◆ WORK TO COMPLETE:
Your output must be the lines below from the line containing "részjegye 10K-ról, szelvényekkel" to the line containing "Rampage Mistral S45", both lines included, reproduced exactly and without pictures.

◆ DATA EXTRACT:
========

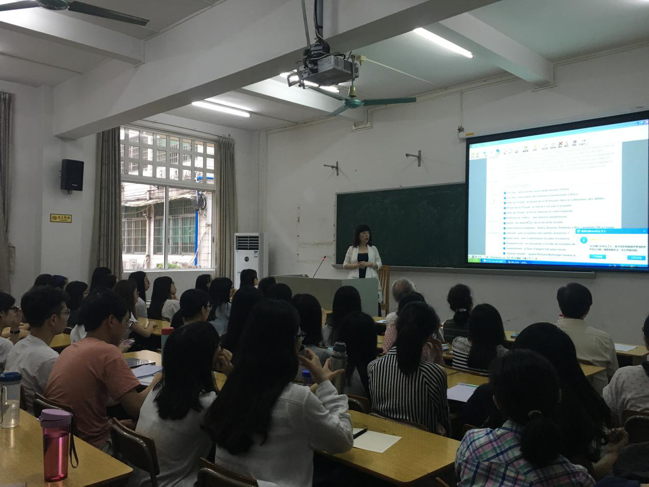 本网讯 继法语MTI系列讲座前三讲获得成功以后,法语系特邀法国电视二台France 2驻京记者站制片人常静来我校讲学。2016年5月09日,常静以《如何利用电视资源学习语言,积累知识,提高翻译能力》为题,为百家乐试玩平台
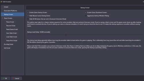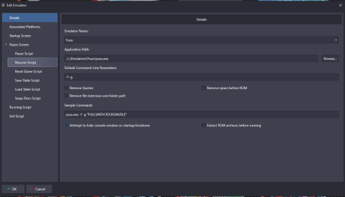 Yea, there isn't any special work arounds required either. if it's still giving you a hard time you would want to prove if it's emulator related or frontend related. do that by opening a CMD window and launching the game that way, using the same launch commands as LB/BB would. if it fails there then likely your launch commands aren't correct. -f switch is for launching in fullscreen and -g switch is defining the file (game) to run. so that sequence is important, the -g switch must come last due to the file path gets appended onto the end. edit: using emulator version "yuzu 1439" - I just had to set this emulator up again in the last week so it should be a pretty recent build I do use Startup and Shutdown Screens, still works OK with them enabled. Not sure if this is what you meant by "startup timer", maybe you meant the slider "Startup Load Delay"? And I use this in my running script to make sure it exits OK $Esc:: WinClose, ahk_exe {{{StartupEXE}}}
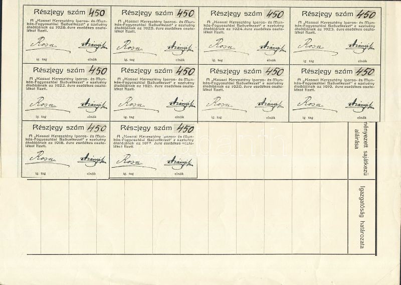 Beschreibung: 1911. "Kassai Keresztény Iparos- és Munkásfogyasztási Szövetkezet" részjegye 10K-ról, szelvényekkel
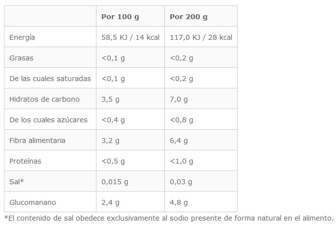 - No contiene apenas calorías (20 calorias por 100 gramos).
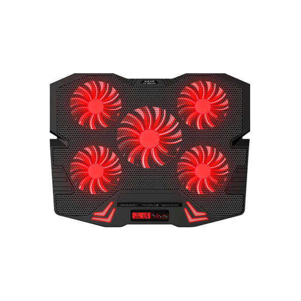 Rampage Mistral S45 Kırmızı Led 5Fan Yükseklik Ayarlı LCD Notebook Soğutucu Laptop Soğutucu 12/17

========

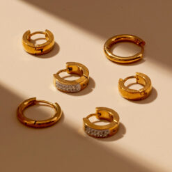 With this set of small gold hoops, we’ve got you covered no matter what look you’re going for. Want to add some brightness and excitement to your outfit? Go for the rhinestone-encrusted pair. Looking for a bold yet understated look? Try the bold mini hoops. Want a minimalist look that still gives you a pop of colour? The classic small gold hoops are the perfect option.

========

◆ ANSWER SECTION:
 Beschreibung: 1911. "Kassai Keresztény Iparos- és Munkásfogyasztási Szövetkezet" részjegye 10K-ról, szelvényekkel
 - No contiene apenas calorías (20 calorias por 100 gramos).
 Rampage Mistral S45 Kırmızı Led 5Fan Yükseklik Ayarlı LCD Notebook Soğutucu Laptop Soğutucu 12/17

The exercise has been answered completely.